Buffalmacco e Bruno degli Olivieri, due giovani fiorentini scaltri,ordiscono una beffa nei confronti dell’ingenuo Calandrino, allo scopo di estorcergli del denaro;gli vendono una pietra che, a loro dire, ha il potere miracoloso di renderlo invisibile.
Alla bella Monna Lisa fra Ignazio fa credere di essere l’incarnazione in vesti umane del beato Marcuccio;in questo modo potrà godersene le gioie,mentre è intento in un convegno carnale con la donna, Buffalmacco spia i due e quando fra Ignazio ha finito il suo piacevole compito, approfitta anch’esso delle grazie della giovane sposa, mentre Calandrino, credendo di essere invisibile fa lo stesso ma verrà bastonato dal marito della donna.
Altre beffe sono in arrivo per i cittadini, come quella in cui Buffalmacco riesce finalmente a sedurre Fiammetta,la donna della quale si è invaghito; scoperto dopo aver consumato un rapporto con la donna,il giovane viene costretto da Pietro da Vinciolo,marito della donna, a dividere il talamo coniugale,la dove a Buffalmacco verrà riservata una brutta sorpresa.

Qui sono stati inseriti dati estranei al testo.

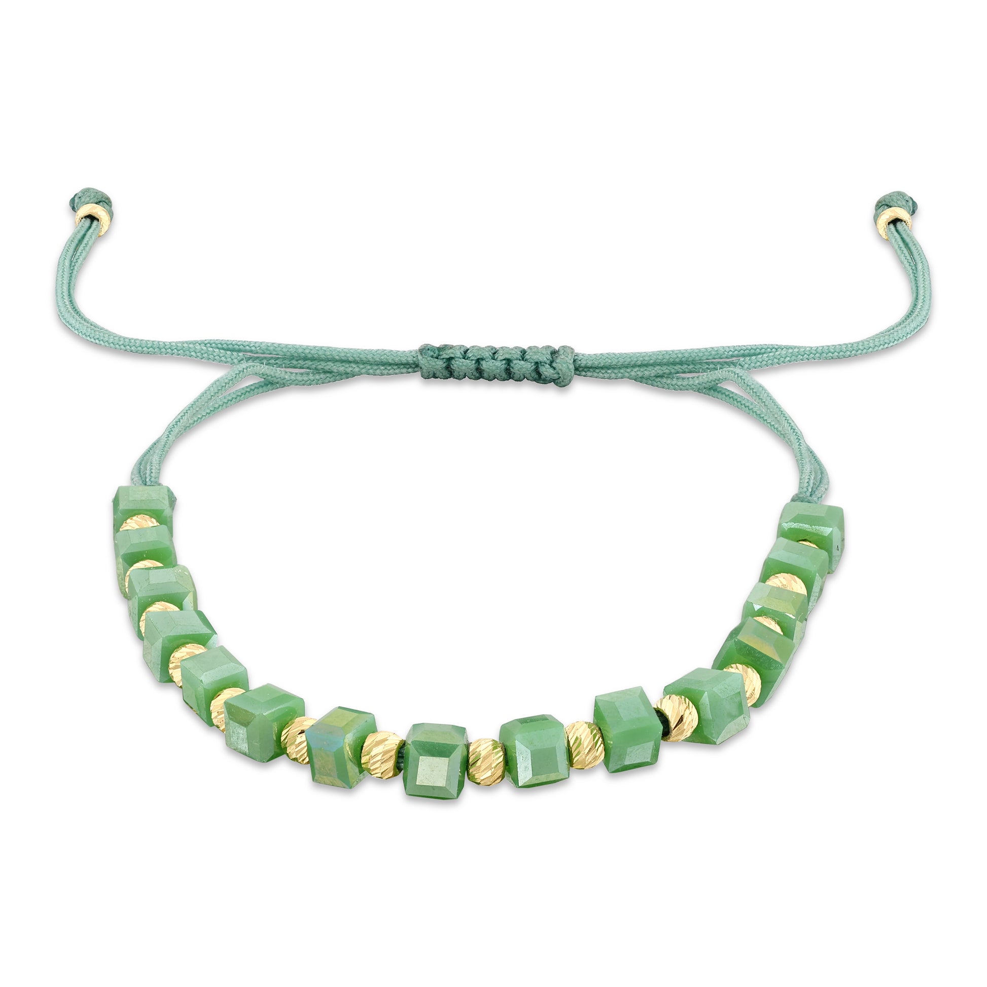 Nane yeşili küp taşlarla tasarlanan bu özel bileklik, 14 ayar altın dorika toplarla zenginleştirilmiş ve çift katlı dayanıklı ipe el işçiliğiyle örülmüştür. Ayarlanabilir yapısı sayesinde ip uçları nazikçe çekilerek her bileğe kolayca uyum sağlar. Ferahlatıcı nane tonunun canlılığı, altın detaylarla buluşarak modern ve güçlü bir stil sunar.

Enrico Montesano e Silvia Koscina
Bernard Blier e Maria Baxa
A Firenze arriva la peste e i due amici Buffalmacco e Bruno degli Olivieri fuggono dalla città incontrando per strada la Principessa di Chivignì e la sua serva;incontrano anche Lambertuccio da Cecina un capitano di ventura sfuggito dalla città dopo aver tentato di sedurre la bella Ambrogia ed essere stato costretto a sposare la racchia figlia del marito della donna.
Lambertuccio è in compagnia di un uomo, al quale un appestato toglie involontariamente il mantello;in realtà sotto le spoglie del compagno di Lambertuccio c’è la bellissima Belcolore, completamente nuda.Ed è con lei che il capitano di ventura va via.
Antesignano di tutti i decamerotici, Boccaccio, diretto nel 1972 da Bruno Corbucci che scrive anche la sceneggiatura del film con Mario Amendola, si distingue completamente dalla massa quasi informe dei film del genere decamerotico sia per l’eleganza con cui vengono curate le varie componenti del film, ovvero scenografie, costumi e fotografia sia per i dialoghi, meno volgari degli epigoni e sopratutto per la mancanza delle solite scosciate che furono il marchio di fabbrica del florido filone.
Antonia Santilli
Pia Giancaro
Paola Tedesco e Pippo Franco
Le novelle tratte dal Decameron sono raccontate visivamente da Corbucci con brio ed eleganza; si ride finalmente senza la solita grana grossa e senza battute triviali, si assiste alle performance di un gruppo nutrito di attori e di splendide protagoniste che non ebbe in seguito rivali.
Enrico Montesano e Pippo Franco interpretano Buffalmacco e Bruno, i due protagonisti principali attorno ai quali si muovono tutti gli altri, ovvero Fra Ignazio, interpretato da Lino Banfi, Alighiero Noschese che è Lambertuccio da Cecina (Banfi e Noschese, con Montesano saranno protagonisti anche del simpaticissimo Il prode Anselmo),Mario Carotenuto che è il giudice Nicola, il grande Bernard Blier che interpreta il dottor Mazzeo fino ad Andrea Fabbricatore, campione del Rischiatutto televisivo a cui va il ruolo dell’ingenuo Calandrino.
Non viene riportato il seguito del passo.